Ask an agent "what's 2+2" and it should answer instantly. Ask it "what are the latest treatment options for drug-resistant tuberculosis" and it should go dig through medical literature, cross-reference sources, identify gaps, and come back with citations.

The problem: most agents treat both queries the same way. Either they web-search everything (slow, wasteful) or they never search at all (hallucinate freely).

Wunderland solves this with an LLM-as-judge classifier that runs before the main LLM turn. A cheap, fast model (gpt-4o-mini, claude-haiku, or qwen2.5:3b) inspects the query and assigns a research depth tier.
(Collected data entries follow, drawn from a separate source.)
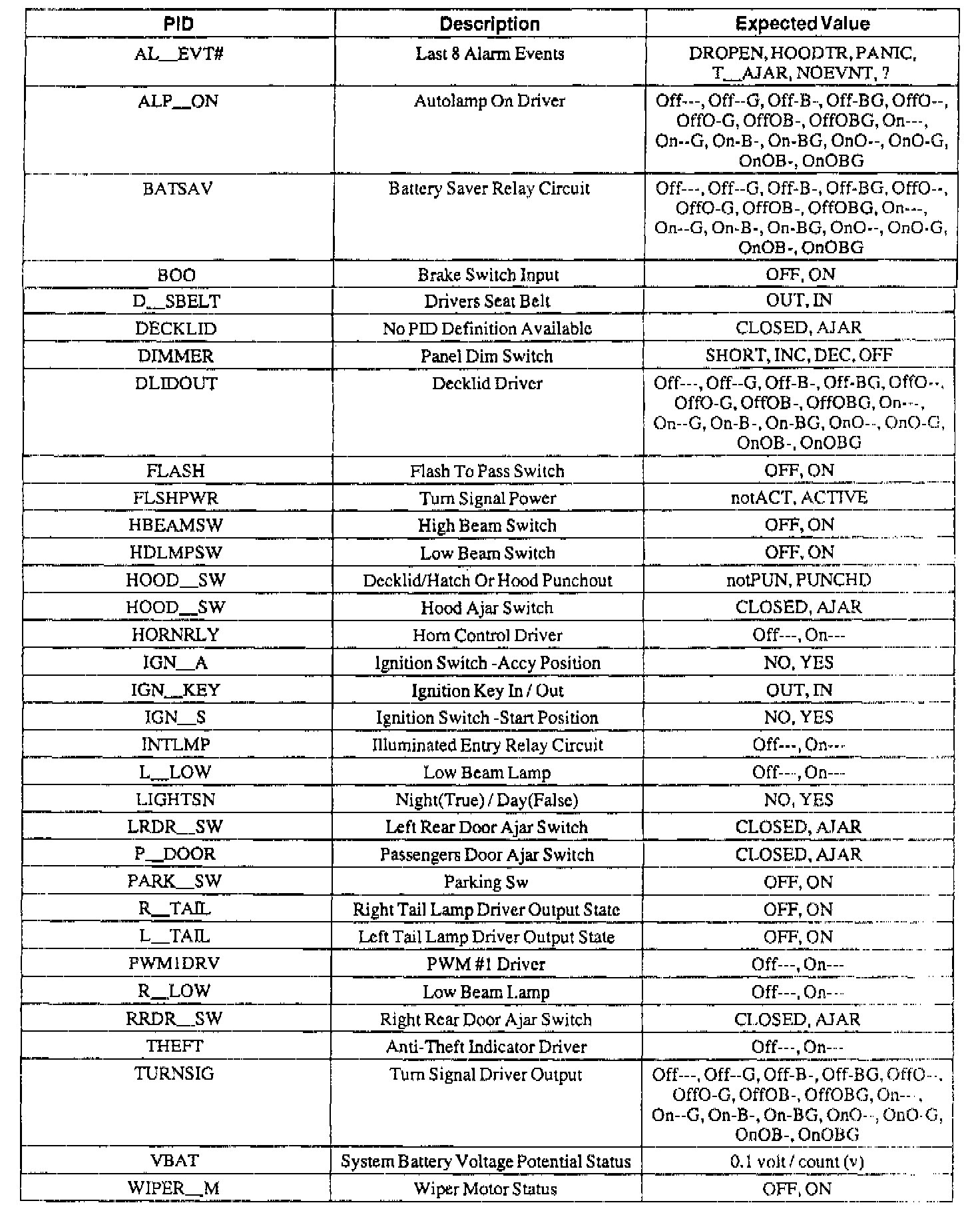 Diagnostic Trouble Code Descriptions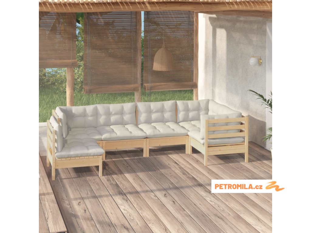6dílná zahradní sedací souprava s krémovými poduškami borovice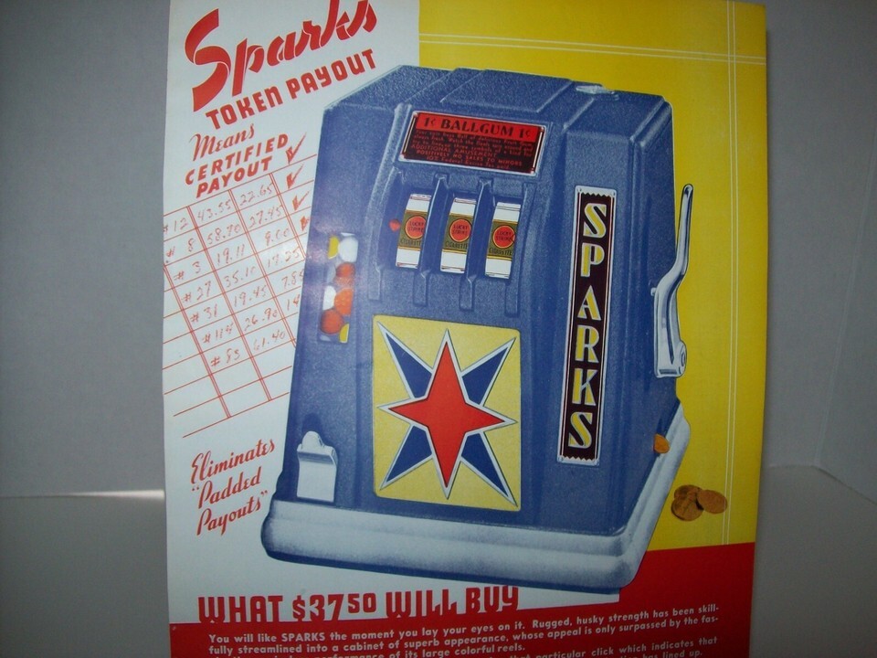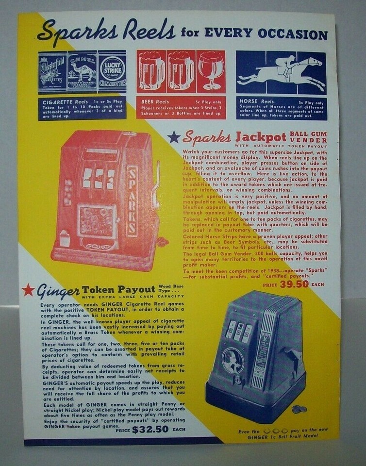 This is an AD from circa 1938 Coin Machine Journal trade magazine. Has light wrinkles, staples holes, and age wear. One edge has wear as it was removed from publication. It is not perfectly even. Back side shows advertising for the Sparks model as well as Ginger token payout machine trade simulator. It can be trimmed and framed if desired. Size is 8.5" x 11.5". See photos.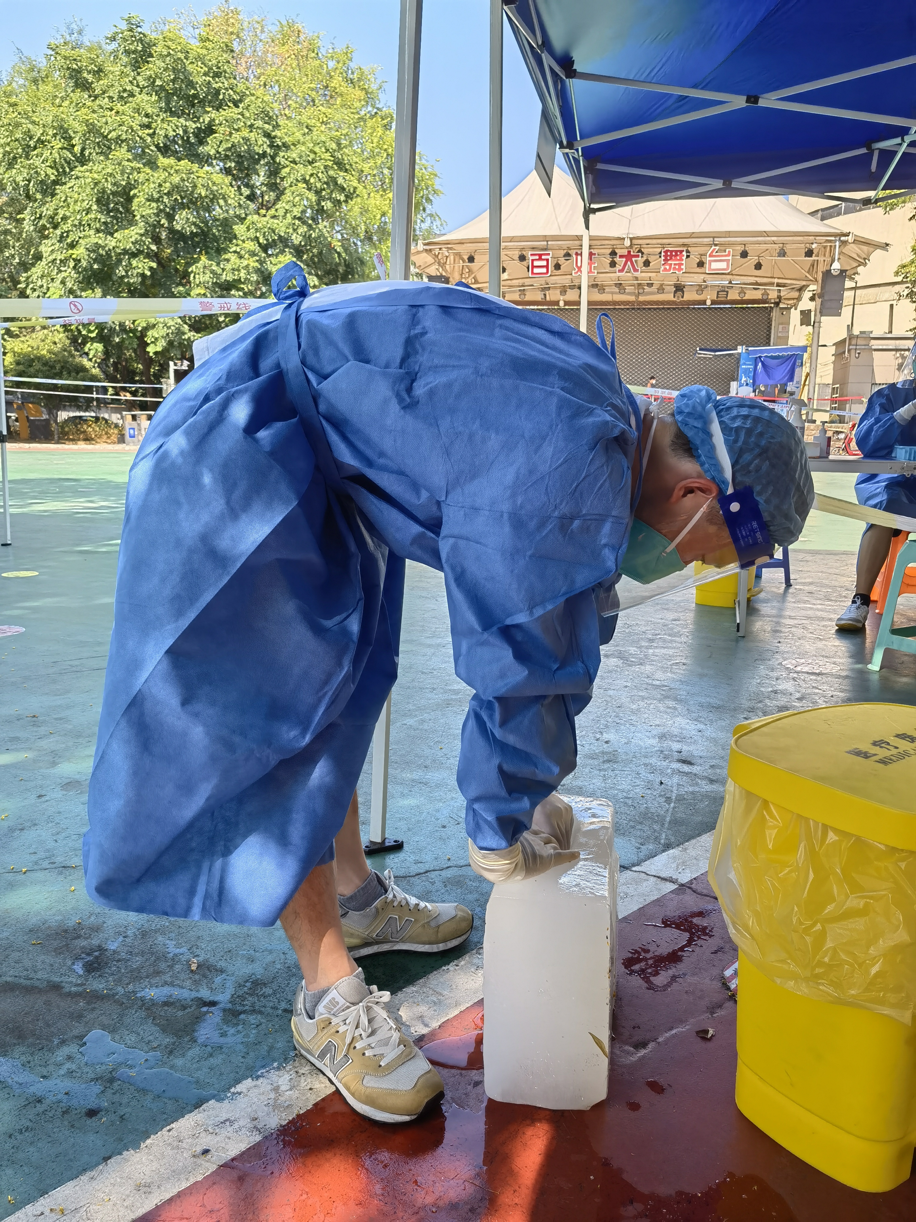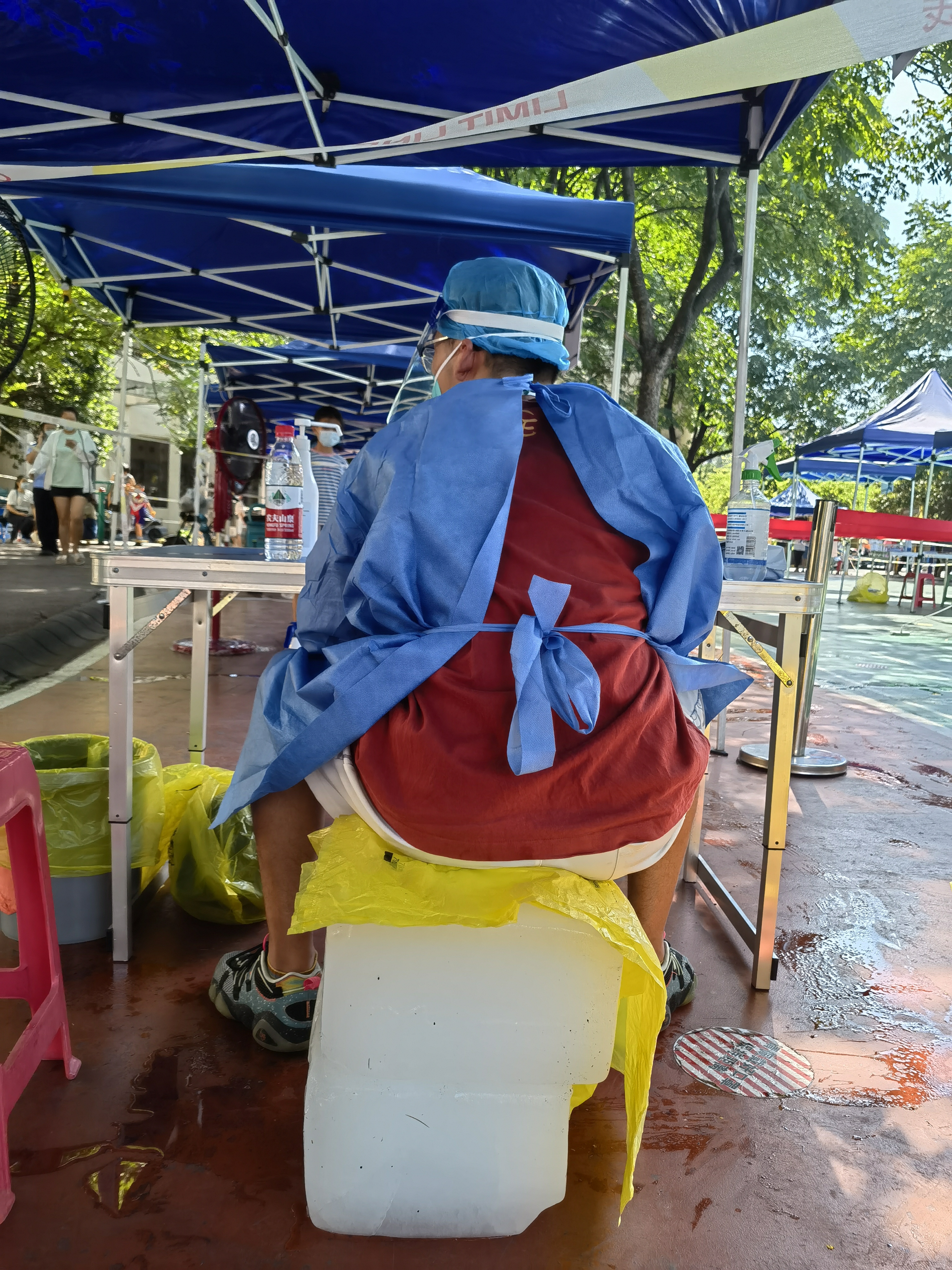 “昨天在湖海塘社区的滨江·金色蓝庭小区进行核酸采样,我们穿的都是厚厚的白色防护服,穿上感觉要中暑了,采样结束以后衣服都湿透了。今天穿蓝色防护服要稍微好一点,不过戴着医用隔离面罩依然很闷热。”肖辉奇说。

The agent then behaves accordingly.

Research Depth Tiers

Tier	When it triggers	What happens	Budget
`none`	Greetings, simple facts, code help, creative writing	LLM answers from training data. No tools called.	0s, 0 searches
`quick`	Weather, stock price, "what is X", latest news	1-2 web searches, cite sources	30s, 10 searches
`moderate`	Product comparisons, travel recs, "best X for Y"	Multi-source research with `researchAggregate` or `researchInvestigate`	2min, 20 searches
`deep`	Medical, legal, scientific, financial planning, learning plans	Full `deep_research` pipeline: decompose, search, extract, gap-analyze, synthesize	9min, 50 searches

The classifier defaults to none on failure. A broken classifier never blocks the main conversation.

The Research Tools

Six tools form the research stack, from lightweight to heavy:

Tool	Purpose	Side effects
`web_search`	Single web search query	None
`news_search`	Search recent news articles	None
`researchInvestigate`	Targeted investigation of a specific topic	None
`researchAcademic`	Search academic papers and scholarly sources	None
`researchAggregate`	Aggregate findings across multiple search results	None
`deep_research`	Full 3-phase pipeline with recursive decomposition	None

The classifier decides which tools to inject into the prompt based on the depth tier. quick gets web_search and news_search. moderate gets researchAggregate and researchInvestigate. deep triggers the full deep_research tool.

The 3-Phase Deep Research Pipeline

When deep_research runs, it follows a structured process:

  User query
       │
       ▼
┌─────────────────────┐
│  Phase 1: DECOMPOSE  │  LLM breaks query into sub-questions
│  (small model)       │  Creates a research tree
└──────────┬──────────┘
           │
           ▼
┌─────────────────────┐
│  Phase 2: SEARCH     │  For each sub-question:
│  - web_search        │    1. Search multiple source types
│  - Extract pages     │    2. Extract content from top results
│  - Analyze gaps      │    3. Identify what's still missing
│  - Recurse           │    4. Generate new sub-questions for gaps
└──────────┬──────────┘     (repeat until budget exhausted)
           │
           ▼
┌─────────────────────┐
│  Phase 3: SYNTHESIZE │  Mid-tier LLM merges all findings
│  (primary model)     │  into a structured report with citations
└─────────────────────┘

Phase 2 iterates. Each iteration searches, extracts, analyzes gaps, and optionally spawns child queries to fill those gaps. The number of iterations depends on depth:

Depth	Default iterations	Max searches	Max extractions	Max LLM calls	Time limit
`quick`	1	10	5	3	30s
`moderate`	3	20	10	8	2 min
`deep`	6	50	25	20	9 min

A ResearchBudgetTracker enforces hard caps on all dimensions. When any budget is exhausted, the engine moves to synthesis with whatever findings it has.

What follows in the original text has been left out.